Building your first mobile app? Don’t waste time, Firebase provides drop-in authentication, and much more.

I jumped into iOS app development a few months ago thinking I could turn my idea around in 6 months and have it published to the App store.  Not so much, I spent the first month just learning the ins and outs of Swift & Xcode.  Mastery complete, I started building out the interface and immediately realized I needed a comprehensive authentication solution.  How hard could this be?

My first thought was something like “forget backend servers, I’ll just store everything in UserDefaults”, Apple’s local user storage (the user’s default database on the device).  This is as ridiculous as it sounds if you understand iOS development.

Lack of encryption aside, this didn’t jive well with the architecture my app requires.  I wasted a solid 10-15 hours writing parts of this only to finally succumb to the realization that this was just not a good idea.  I either needed to devote a significant amount of time/effort to this or find a better solution.  Imagine my frustration, I have this awesome (subjective?) app idea and I’m literally sitting here, writing code for a homegrown IAM (identity & access management) solution, which is not actually what my app is about…

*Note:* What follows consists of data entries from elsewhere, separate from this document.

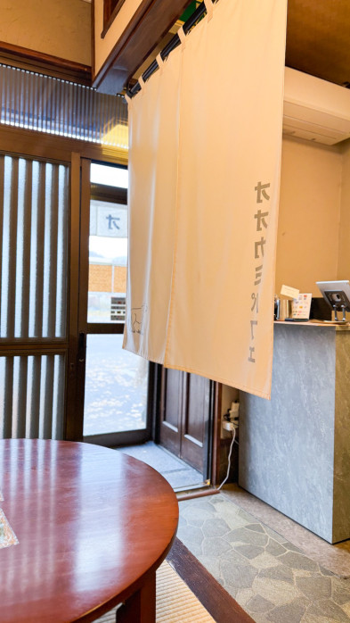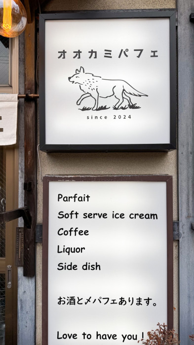 リノベーションされた店内は、古民家の梁や柱の温かみを残したモダンな雰囲気。 「オオカミパフェ」の文字が染め抜かれた暖簾が揺れる様子は、なんともフォトジェニックです。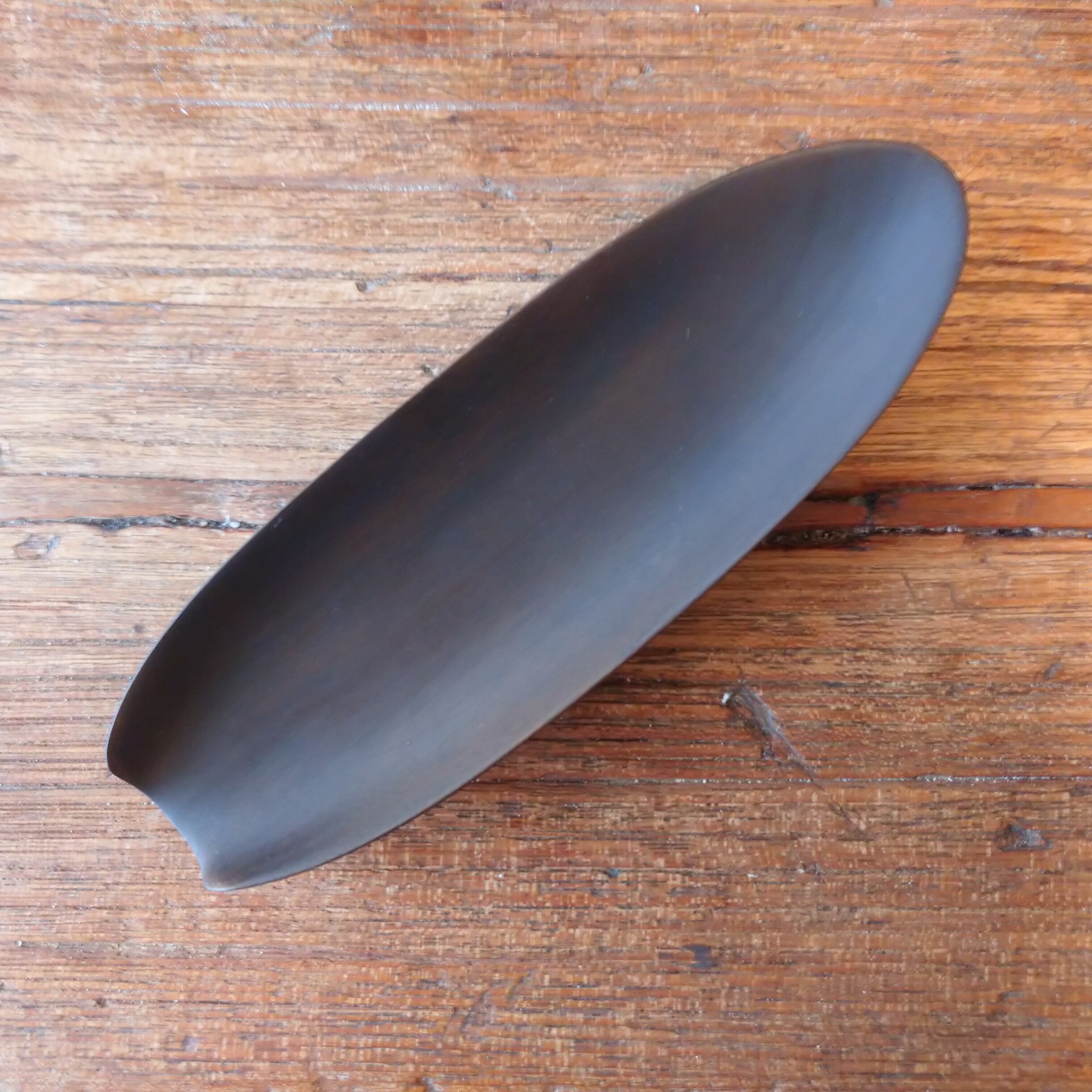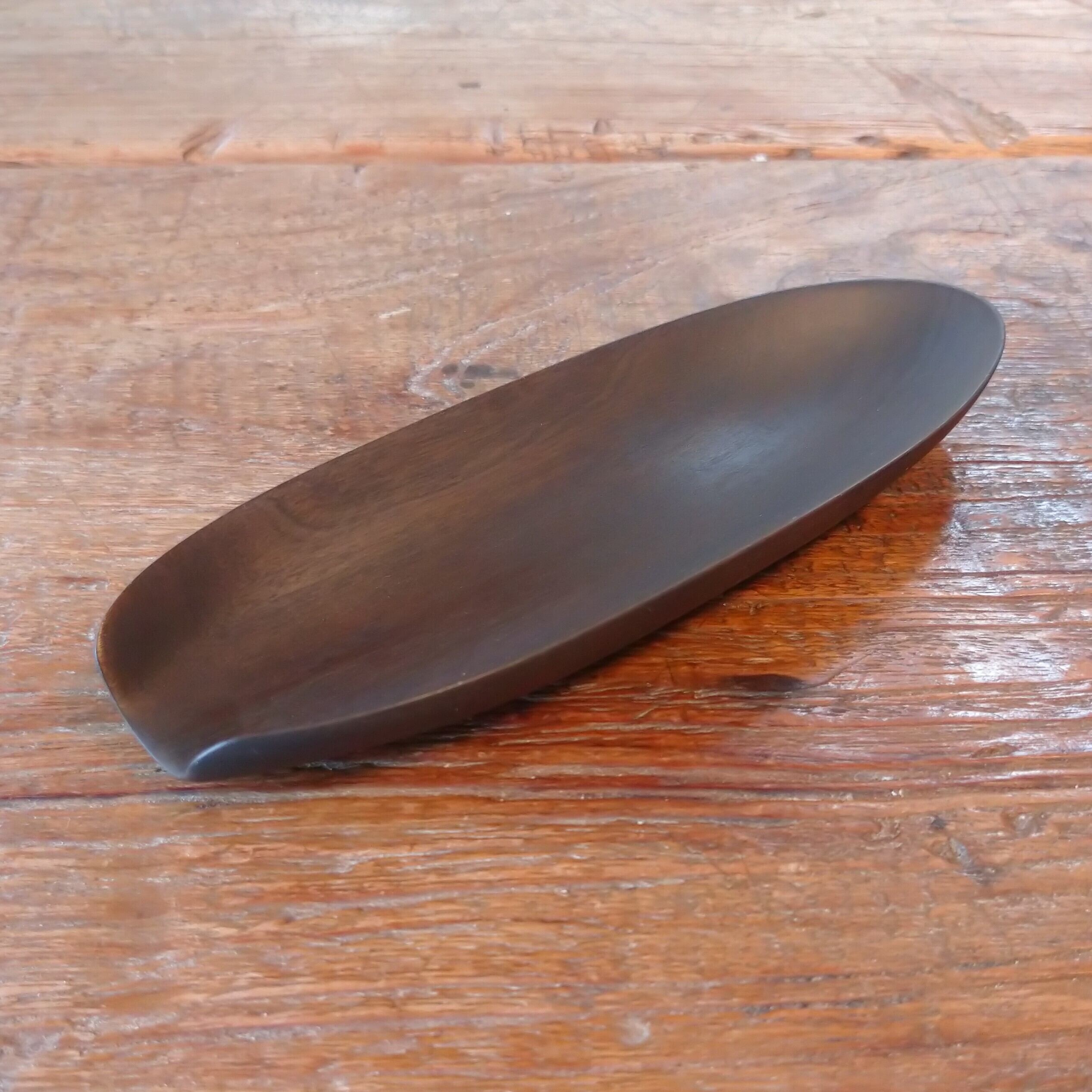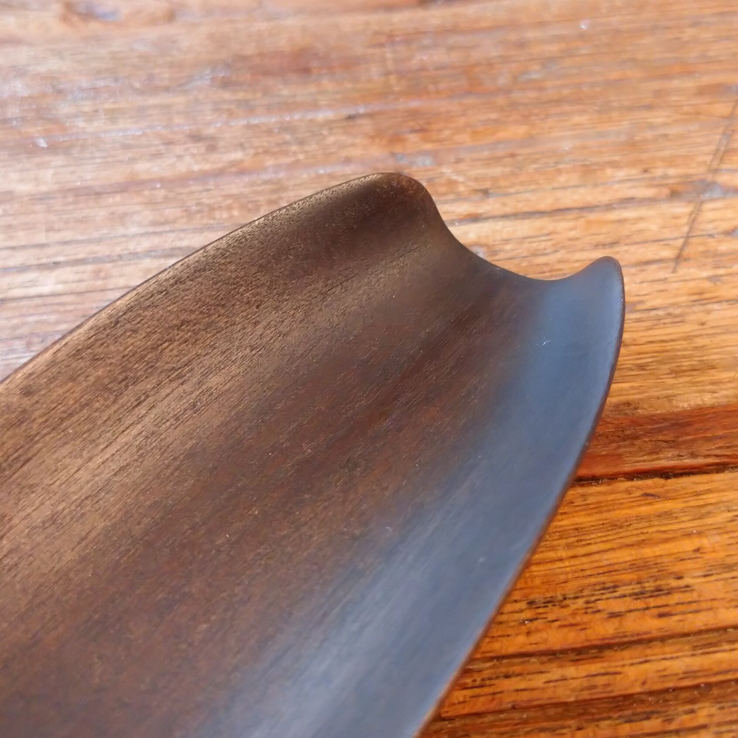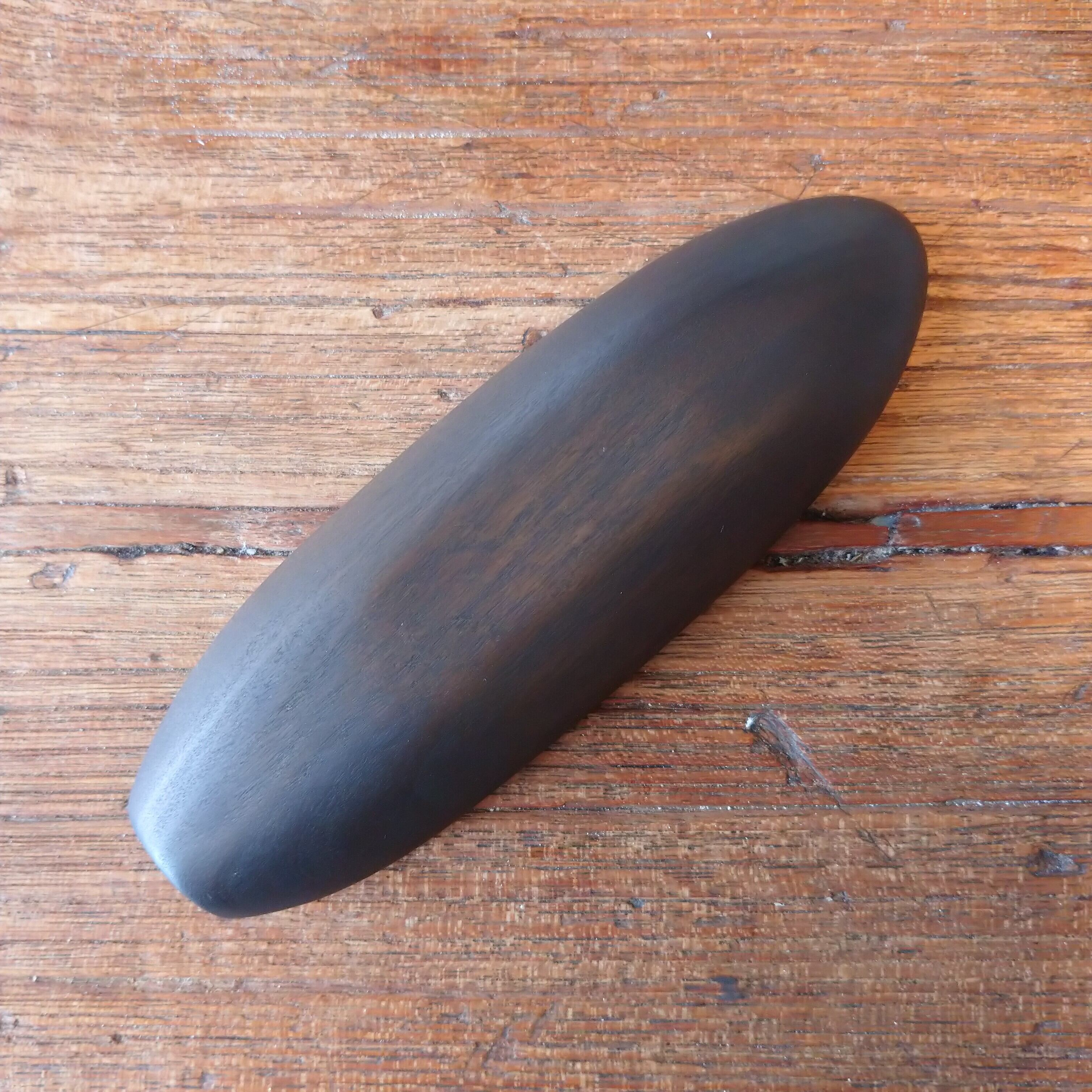 ノミ、鉋、彫刻刀などを使って削り出しあとサンディングし、鉄媒染で染めました。サンディングと鉄媒染を何回か繰り返し、滑らかに仕上げました。塗装はしていません。
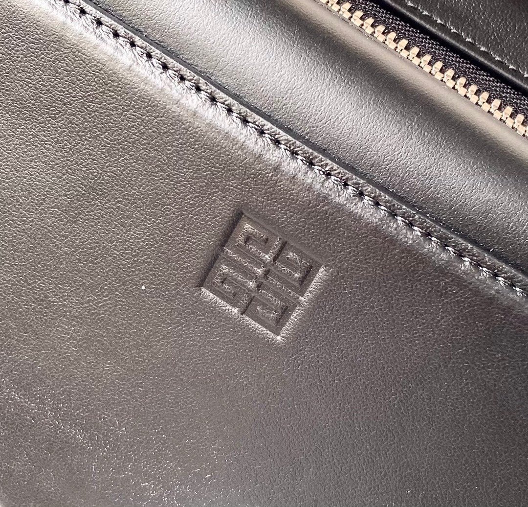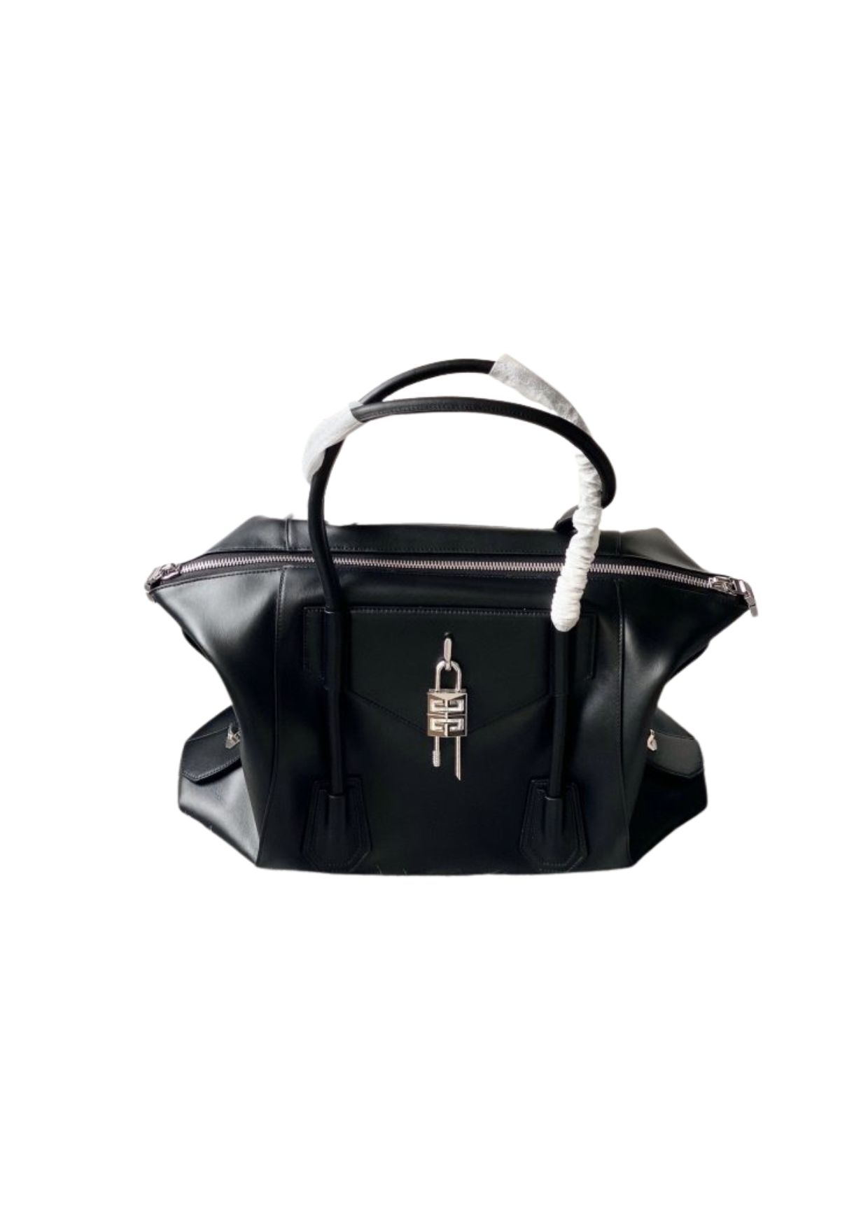 Small Antigona Soft bag in soft pearl with pentagonal GIVENCHY patch, dark silver-finish metal details and side bands with a twist clasp. Adjustable and removable shoulder strap. One main compartment, one flat pocket, and one pocket for business cards on the inside.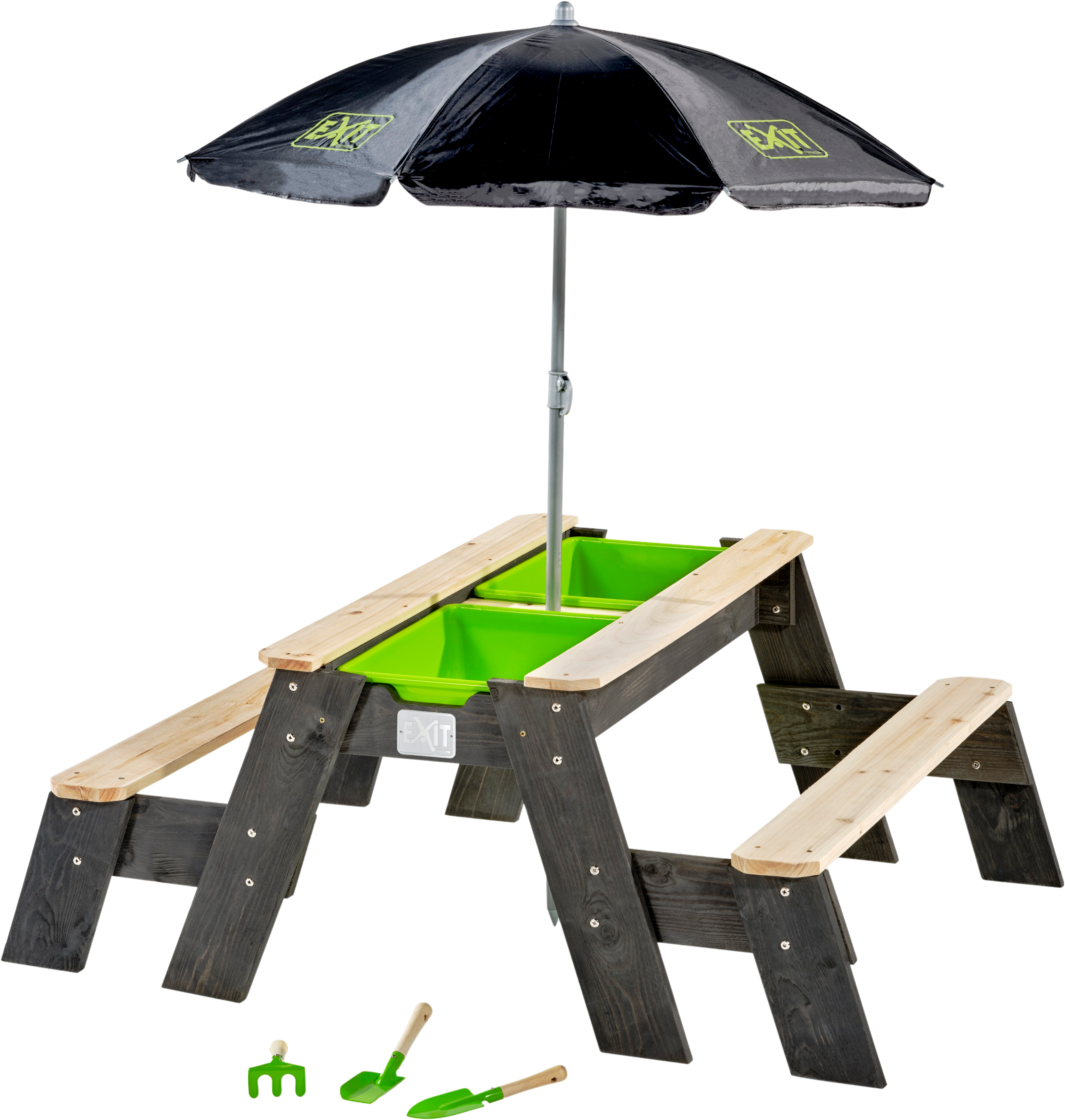 Exit Toys Aksent - Tavolo da Picnic e da Gioco per Sabbia e Acqua - 2 Panche con Ombrellone e Utensili da Giardinaggio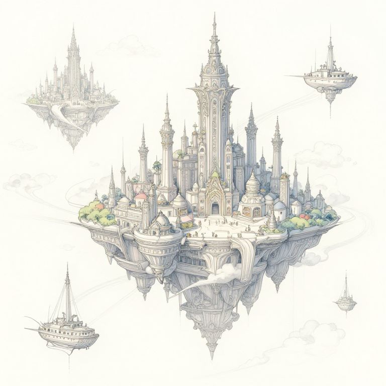 Fantasy sketches portraying an expansive floating city in the sky with elaborate towers, flying ships, and cloud pathways, delicate and precise line work paired with soft pastel colors, creating a surreal and majestic aerial fantasy metropolis.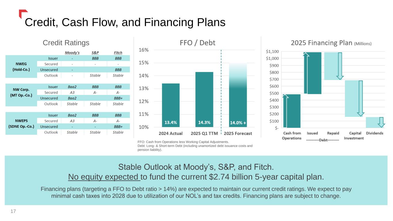 MPSC approval of the Joint Party Settlement would allow for recovery of increased operating costs and an opportunity to earn a fair return on the investment that funds the critical energy infrastructure in Montana. 16 Montana Natural Gas Rate Review Key Dates • 5/23/25: Interim rates remain in place as implemented Dec. 1, 2024 (subject to refund) • 6/9/25: Hearing Commences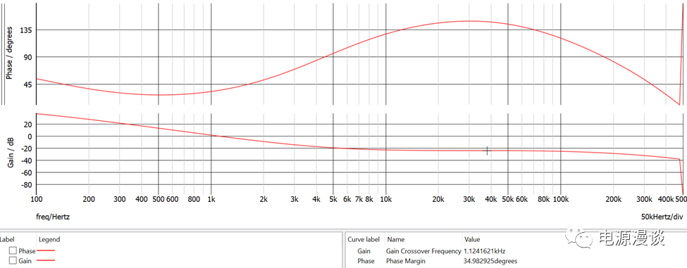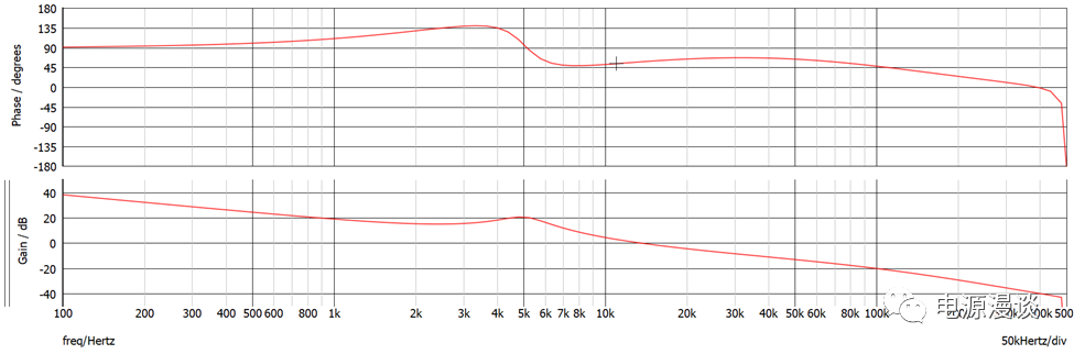 根據(jù)圖2所示的開環(huán)增益特性組成的各個環(huán)節(jié),考慮到PWM環(huán)節(jié)的增益為1,則總的增益由補償器和功率級增益組成,以此作為整個環(huán)路的開環(huán)增益?zhèn)鬟f函數(shù),我們將其Bode圖畫出來即可分析其環(huán)路特性。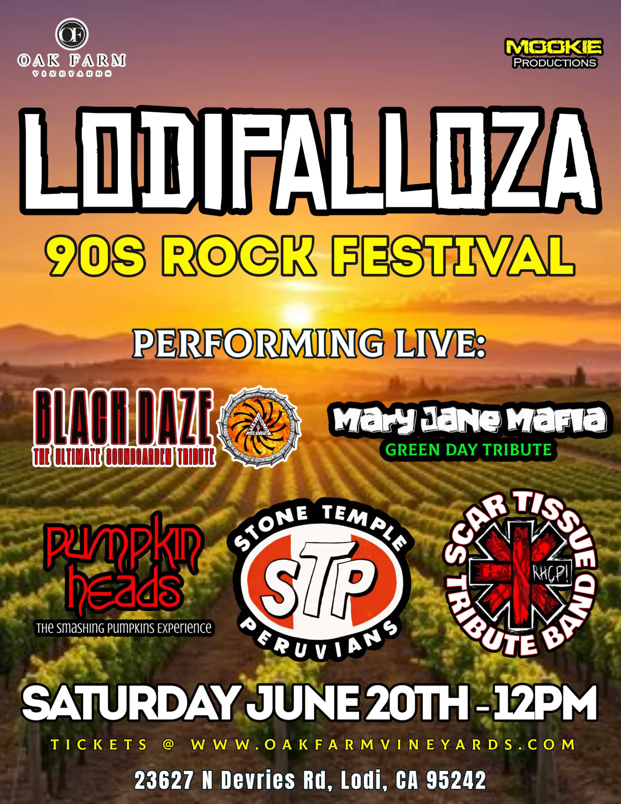Get ready for a full day of flannel, distortion, and vineyard vibes at LODIPALOOZA – The Ultimate 90s Rock Festival!

I started looking around and found a few different options.  For the purposes of this post, let’s just say that I became familiar with both the Amazon Web Services (AWS) solution, ‘Cognito’ and Google’s mobile app suite, ‘Firebase‘.  I was relieved to find these solutions as they offer a lot, databases, storage, authentication, analytics, etc…. Having used both of them, I have a preference for Google’s Firebase and the rest of this post is dedicated to that wonderful product.  Trust me, it can save you significant time if you are just getting into iOS/Android app development.

Bapsule Login Page

 

 

 

A few things I was thinking about early on surrounding authentication/security, in no particular order:

  1. New user registration
  2. Login/Authentication
  3. Password Reset
  4. Ability to capture the user’s current authentication state
  5. Scalability
  6. Hands-off (i.e. I want to be responsible for zero backend servers/services)
  7. Secure/Reliable
  8. OAuth 2.0 for Facebook/Google integration.

 

 

 

 

 

In the back of my mind, I knew somehow this would need to include a real-time database and file storage but I wasn’t sure how this would tie together yet.  If you haven’t figured this out, I am following the Code and Fix development methodology, Cowboy coding if you will.

Enter Google’s Firebase, literally a drop in SDK for authentication and so much more.  You can see my login page to the right, as for the code behind the scenes, let’s take a look at the ViewController.

Viewcontroller showing Firebase authentication integration.

That is a basic login page using Firebase, in its entirety.  There is another page for registration and password resets but they similarly use existing SDK functions and require little more than passing in a few variables.

I’m not diving into everything here, I added some simple textfield validation, check out Firebase for a complete walk-through but I want to point the simplicity of this solution. Once you go the initial setup/integration of Firebase (via CocoaPods)  you just collect the username and password on your login page and pass them through to Firebase:

Passing through variables for authentication

In this scenario I segue the user to my homepage if the login was successful, this just demonstrates the incredible simplicity of the solution and how to integrate into your next mobile app.  Google also offers drop-in OAuth 2.0 solutions for Facebook, Google, or Twitter if you want to integrate those login methods as well.

Bonus, you can leverage the Auth state listener to capture and subsequently act on events like:

  • When a user is signed in
  • When the current user is signed out
  • When the current user changes

As simple as:

Integrating the Firebase auth state listener

Firebase solidly handles everything I was looking for in terms of user management, scalability, hands-off, and reliable solution.  Equally as important,  now that I have integrated Firebase into the app, I have unlocked the rest if the Firebase gems, something for another post later.

The dashboard/backend for Firebase is very intuitive and easy to integrate with Google’s other Cloud solutions, in my case, I was looking for a low-cost cold storage option for user-uploaded files and I found it here.  Don’t reinvent the wheel, focus on your app/idea and let someone else handle these core functions.  Hope this helps.